The disagreement comes as NHS services urgently seek clarity from system leaders on how they should best support home births and some high-risk pregnancies.

However, the advice would also cover how services should respond to other care and treatment requests that are considered “highly unsafe or unreasonable”.

NHS England’s discussions about the potential new advice were revealed in a letter responding to a coroner’s Prevention of Future Deaths report.

The letter is dated 24 December, but it was only published last month, and HSJ understands a definitive decision about the advice has not yet been made.
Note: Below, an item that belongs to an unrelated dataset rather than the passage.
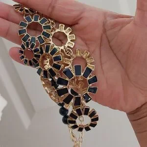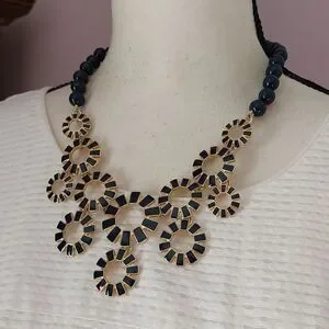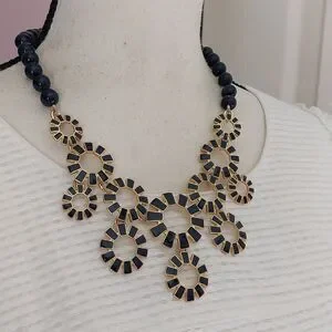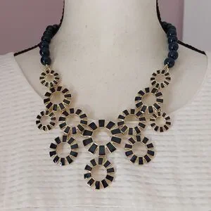Talbots Gold Tone and Navy Blue Enameled Sunburst and Beads Statement Necklace

The letter said: “We will build on work already started, looking to clarify whether NHS health professionals providing maternity services may withdraw midwifery services from women birthing at home against professional advice and/or from women making requests with regards to care/treatment that are considered highly unsafe or unreasonable.”

It added: “In developing [better home birth resources], NHSE and its partners will consider the ethical responsibility and proportionality of offering women an NHS home birth, while taking into account that women have a legal right to choose what healthcare they receive.

“In addition, some women who cannot be supported to birth at home due to the level of risk may choose to give birth unassisted, which carries a higher risk.”

The report prompted chief midwifery officer Kate Brintworth to order all trusts to “urgently” review the safety of home birth services in November.